Definition und Bedeutung

Eine Vertriebspipeline verfolgt, wie ein neuer Lead durch den Vertriebsprozess geführt wird – vom Erstkontakt bis hin zur Verlängerung und zum Upselling. Tatsächlich ist laut Forbes „die Pipeline das Lebenselixier des Vertriebserfolgs“.

Eine robuste Vertriebspipeline bietet einen klaren Überblick über die Performance des Vertriebsteams. Sie sorgt für mehr Transparenz im Vertriebsprozess und gibt Vertriebsleitern datengestützte Einblicke in die Leadgenerierung, Konversionsraten und die Wirksamkeit des Qualifizierungsprozesses. Dadurch können Sie Umsätze genauer prognostizieren, Vertriebszyklen verkürzen und Umsätze schneller realisieren.

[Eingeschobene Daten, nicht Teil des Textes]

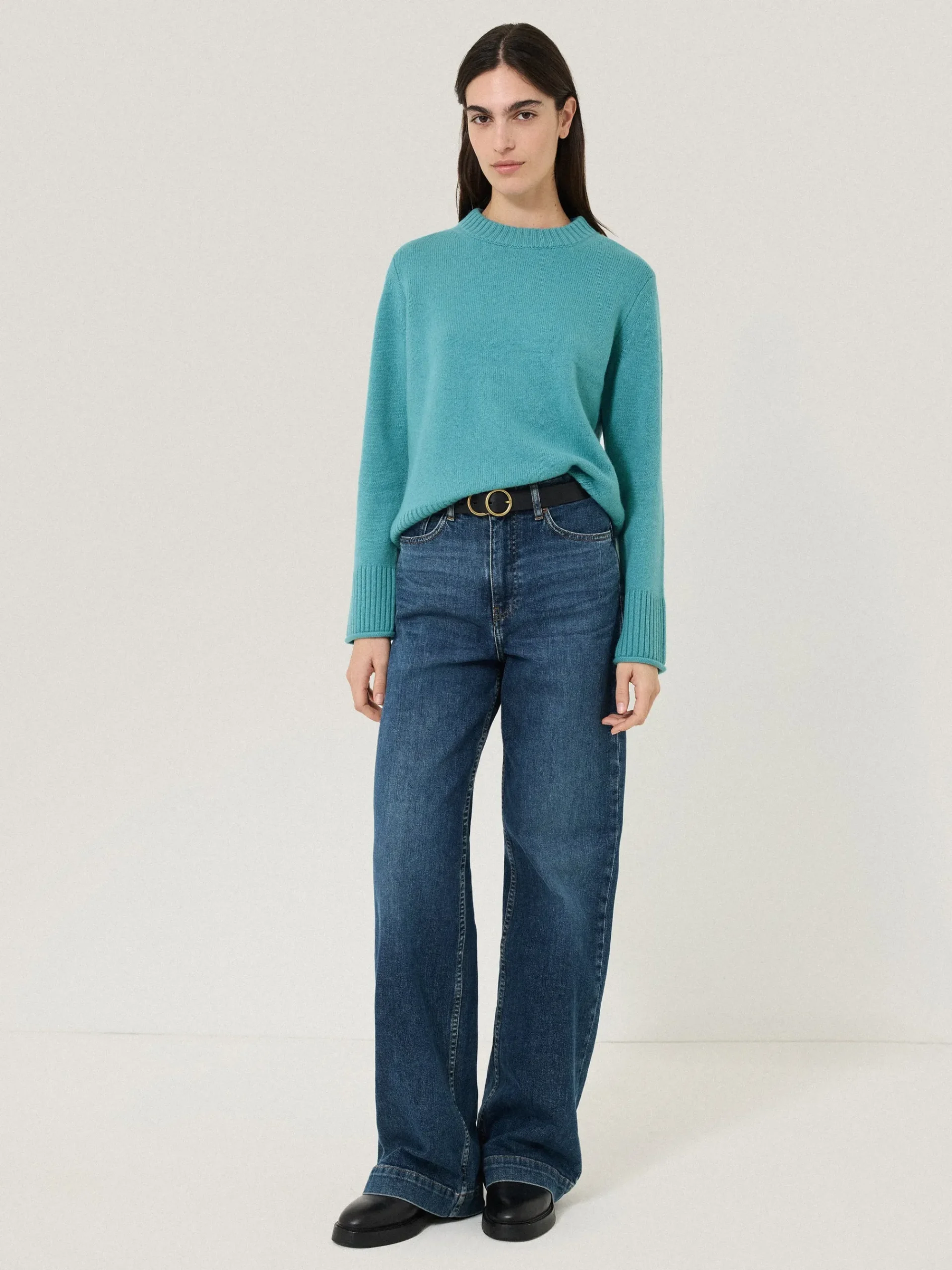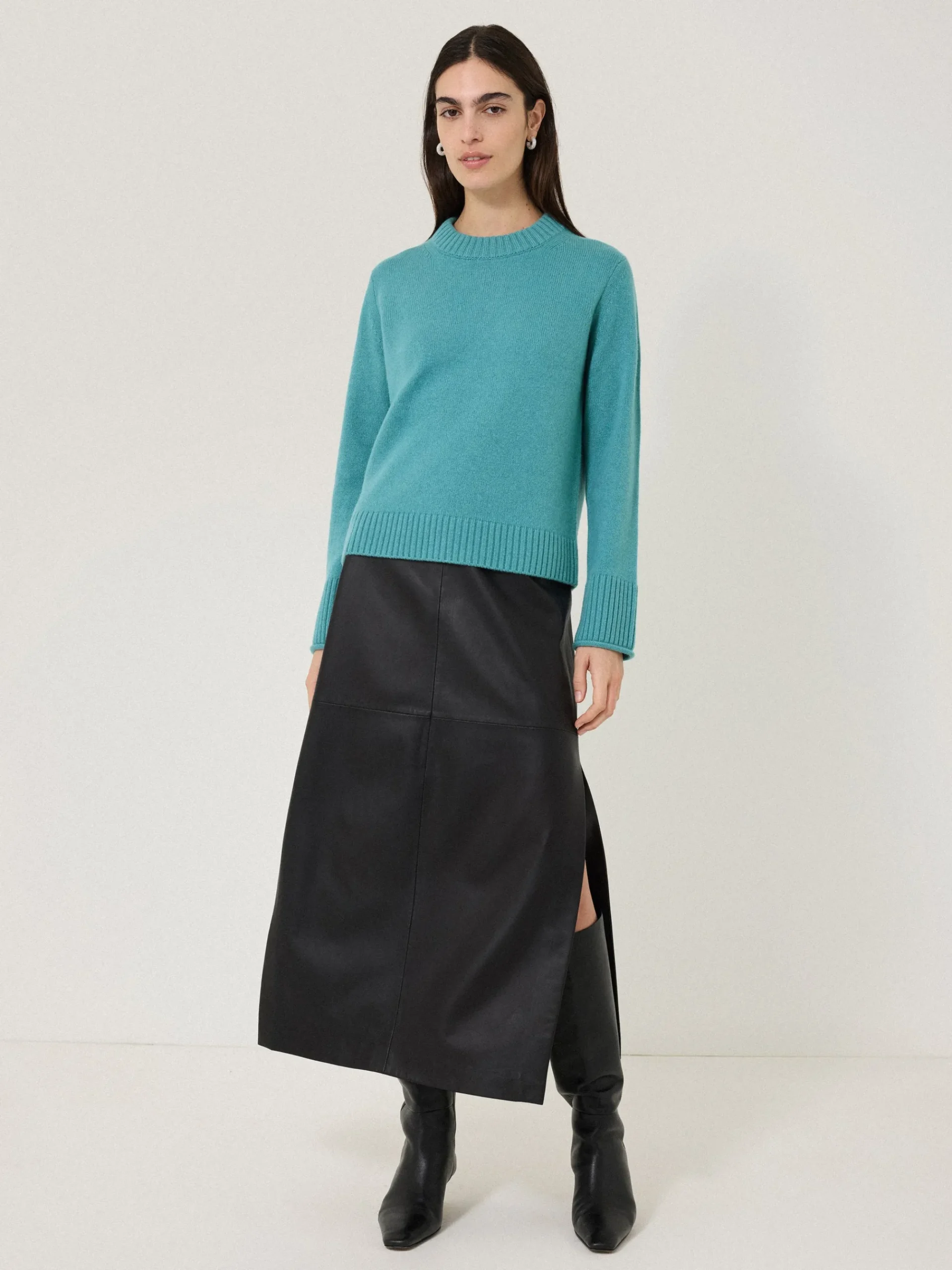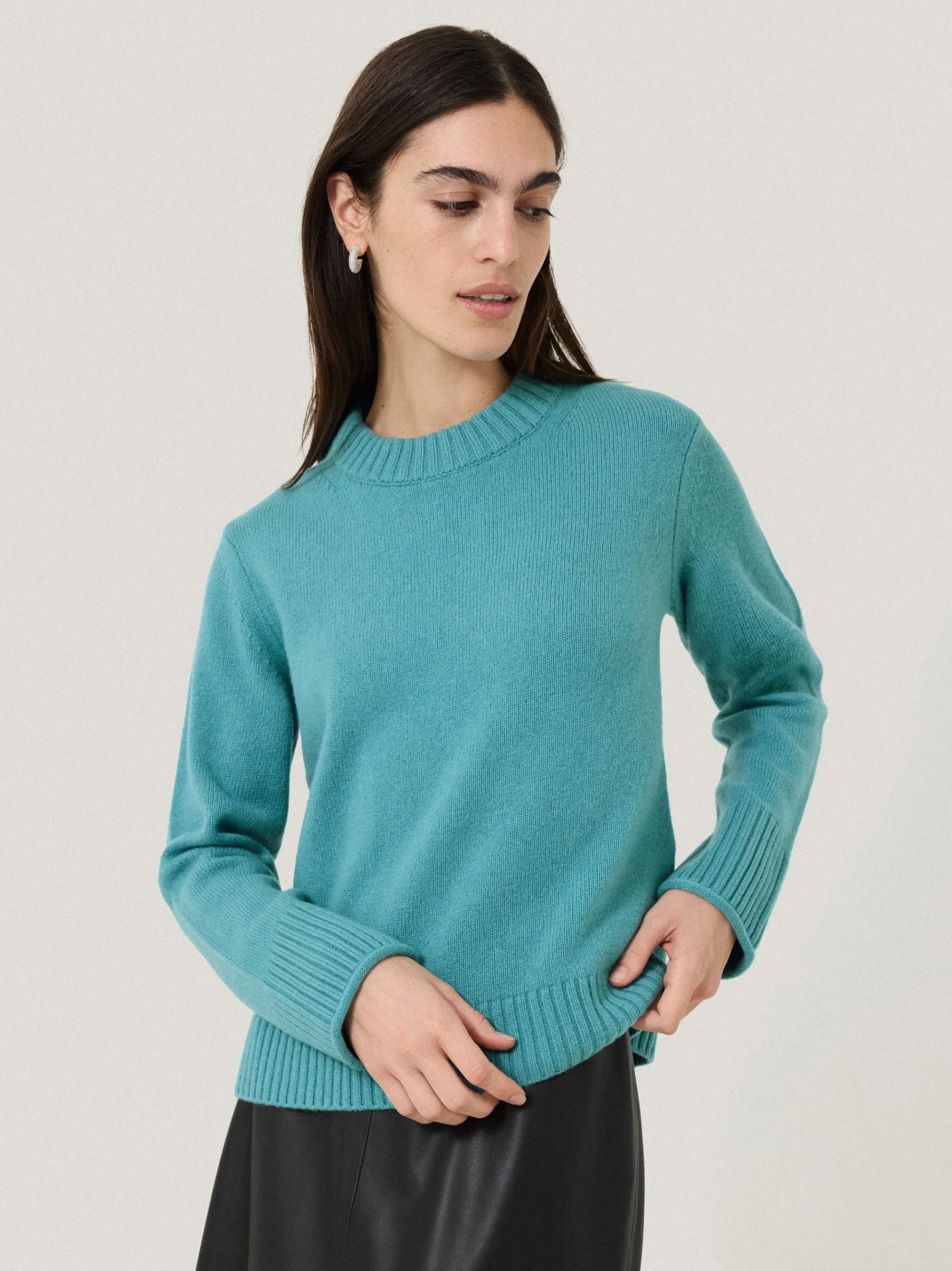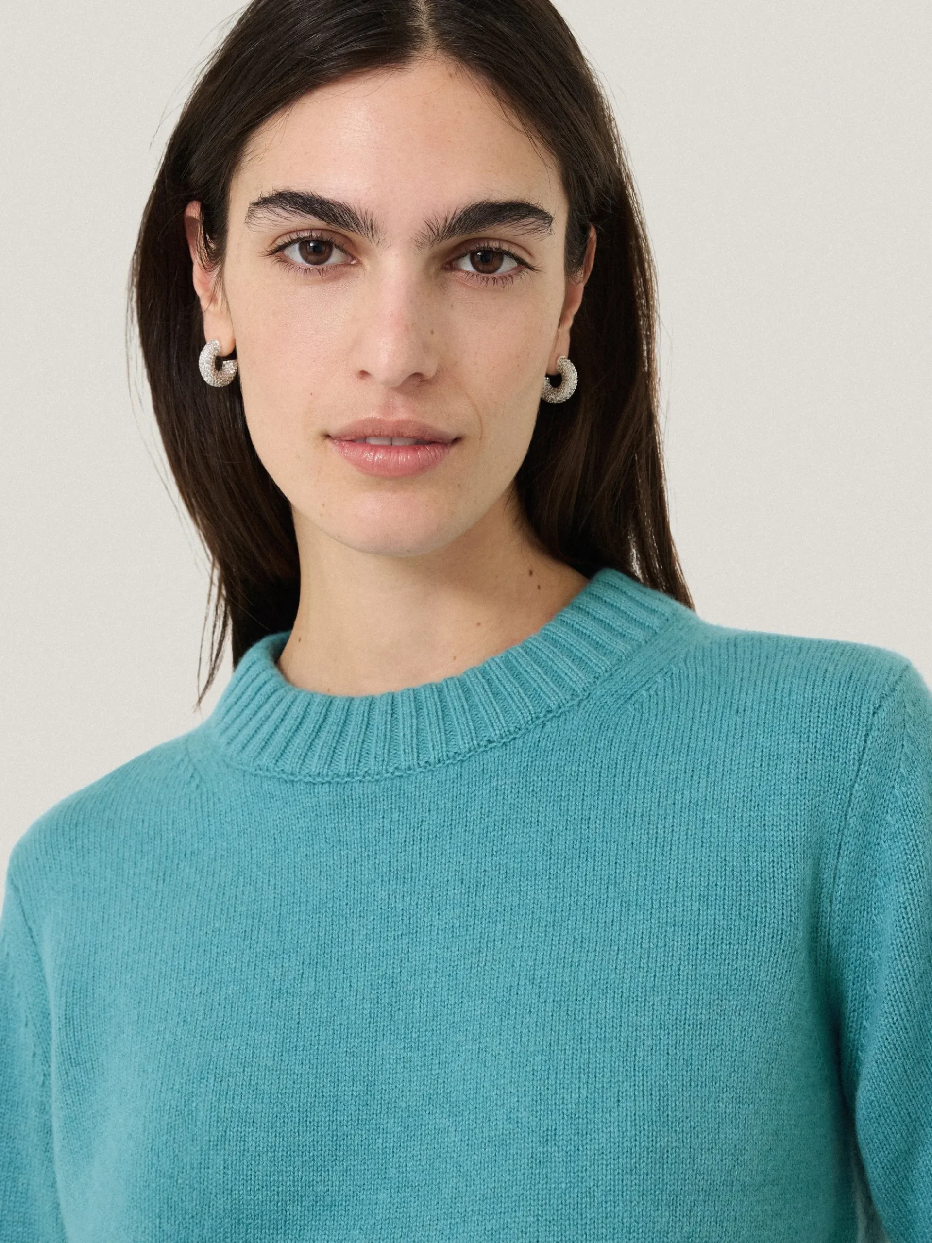 Knitted in a mid weight wool cashmere blended yarn, our crew neck jumper is designed with a shorter silhouette. Finished with modern chunky rib at neck and cuffs. Pair with denim and leather separates or layer over printed dresses. Size up for a more slouchy look.

Die wichtigsten Phasen einer Vertriebspipeline

Auch wenn sich die Phasen der Vertriebspipeline je nach Geschäftsmodell oder spezifischen Anforderungen unterscheiden können, folgen sie in der Regel diesen Grundstufen:

  • Leadgenerierung: In dieser Phase suchen Vertriebler aktiv nach potenziellen Leads bzw. gewinnt das Marketing ideale Kunden durch verschiedene Kampagnen und Maßnahmen, wie Webinare, herunterladbare Leitfäden oder kostenlose Events.
  • Qualifizierung: Hier entscheidet der Vertrieb, ob der Lead grundsätzlich für die Lösung geeignet ist und ob eine Kaufbereitschaft besteht. Ist das aktuell nicht der Fall, wandert der Lead in einen Nurture-Prozess, der informativ und aktivierend wirken soll, bis der Lead bereit ist zu kaufen. 
  • Bedarfsermittlung: Die sogenannte Discovery-Phase beginnt, wenn ein Lead Interesse am SaaS-Produkt signalisiert. In dieser Phase analysiert der Vertrieb die Herausforderungen des Leads, um die Anforderungen genau zu verstehen und Ansätze zur Lösung zu skizzieren. Verkäufer sollten hier nicht direkt „verkaufen“, sondern das Problem möglichst umfassend erfassen.
  • Demo: Mit klarem Verständnis für die Bedürfnisse des Leads folgt die Demo-Phase. In dieser Phase demonstrieren Vertriebsmitarbeiter, wie die SaaS-Lösung das Problem des Leads löst. Oft sind hier mehrere Stakeholder auf Kundenseite beteiligt, um alle Anwendungsfälle zu prüfen. 
  • Angebotserstellung: Nachdem sich Kunde und Vertrieb grundsätzlich geeinigt haben, versendet der Vertrieb ein Angebot mit Vertragsbedingungen, Preisen (im Verhältnis zum ROI kalkuliert) sowie der geplanten Vertragslaufzeit. Ein wichtiger Vorteil von Angebots-Software ist, dass sie diesen Prozess beschleunigen kann.
  • Verhandlung: In dieser Phase klärt das SaaS-Startup offene Fragen und Einwände zum Angebot, einigt sich auf einen finalen Preis und definiert die Servicekonditionen zur Zufriedenheit beider Parteien. 
  • Abschluss: Sobald die Konditionen allen Beteiligten zusagen, wird der Vertrag unterzeichnet – und das Vertriebsteam übergibt das Kundenkonto an den Customer Success-Bereich.
  • Verlängerung: Diese Phase wird oft nicht offiziell zum Vertrieb gezählt, aber aufgrund des SaaS-Geschäftsmodells sind regelmäßige Vertragsverlängerungen essenziell für eine gesunde Pipeline und einen hohen Customer Lifetime Value. Mit einem herausragenden Kundenerlebnis fördern Sie rechtzeitige Verlängerungen, steigern Upselling-Chancen und minimieren die Abwanderung von Kunden.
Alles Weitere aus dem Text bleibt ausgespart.